Just ahead of the 2016 election, former Trump attorney Rudy Giuliani told the nation in a Fox News interview that the Trump campaign had a "big surprise" regarding the ginned-up Hillary Clinton email controversy. The former New York City mayor even went so far as to suggest that the FBI had been leaking info about the agency's probe directly to Giuliani for Trump's political gain.
But according to a newly released 2018 transcript of Giuliani's interview with Justice Department investigators probing a potential leak, it all appears to have been a complete lie.
Giuliani explained to federal officials that it's OK to "throw a fake" while campaigning.
The revelation, first reported by The Washington Post, stems from a transcript obtained by the Project on Government Oversight of Giuliani's 2018 interview with federal officials in Trump's D.C. hotel. During the interview, FBI agents working on behalf of the Justice Department inspector general questioned the longtime attorney whose law license was recently suspended on whether agency officials had leaked him sensitive info about Clinton's email fiasco back in 2016.
In response, Giuliani's legal counselor Marc Mukasey said that the threshold for truth-telling is much lower in campaigns than it is for typical legal affairs.
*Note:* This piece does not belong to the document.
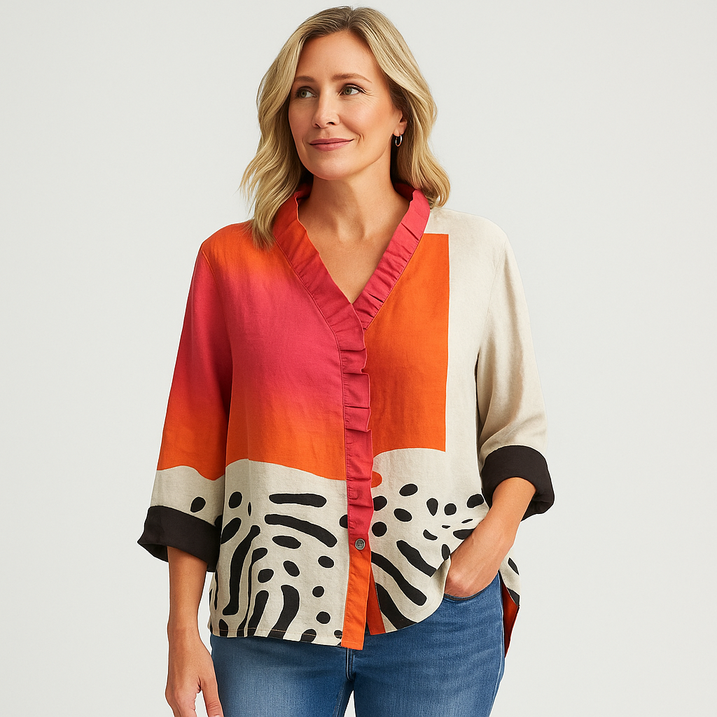 Diese Bluse vereint luftigen Komfort, feminine Details, atmungsaktive Leichtigkeit und ein angenehmes Tragegefühl. Mit sanften Volants und lockerer Silhouette ist sie ideal für heiße Sommertage.
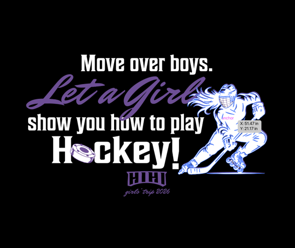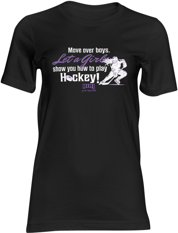 The front features a bold "Move Over Boys" design in tournament purple, while the back showcases the ASHF and HIHI crests—a symbol of the growing strength of our local hockey community.

"In the heat of a political campaign, on television, I'm not saying Rudy necessarily, but everybody embellishes everything," Mukasey explained. "You're under no obligation to tell the truth."
Giuliani, a former federal prosecutor for New York City, even added: "You could throw a fake."
"Fake news, right?" a federal official asked.
"Right," Mukasey replied.
Earlier this month, the Justice Department inspector general concluded that he could not find any evidence that FBI agents leaked info about the Clinton email investigation to Giuliani, putting to rest longstanding concerns that the agency had actively undermined her candidacy.
But back in 2016, two days before then-FBI Director James B. Comey reopened a probe into Clinton's email affair, Giuliani had gone on Fox News to tell viewers that he had "a surprise or two that you're going to hear about in the next few days. I mean, I'm talking about some pretty big surprises."
Many took this claim to be indicative of a clandestine back channel between the former New York Mayor and the FBI, even though Giuliani later walked his rhetoric back as the weeks dragged on.
In 2018, during his formal interview with the FBI, Giuliani struck a different tone, claiming that Comey's probe was in fact "a shock" to him. He suggested that, at most, he may have heard control room gossip about the investigation.
The revelation is just the latest in Giuliani's string of alleged and proven improprieties before, during, and after Trump's presidency.
Back in June, the former prosecutor's law license was suspended by the state of New York over his promotion of Trump's baseless allegations of fraud in the 2020 election. Giuliani is currently facing a federal investigation into his relationship with various Ukrainian officials leading up to the 2020 election.
The former New York mayor is also said to be on the brink of bankruptcy amid a multibillion dollar defamation lawsuit leveled against him by voting technology company Dominion for pushing the erroneous notion that the firm tampered with its own vote-counting machines to sabotage Trump's political prospects.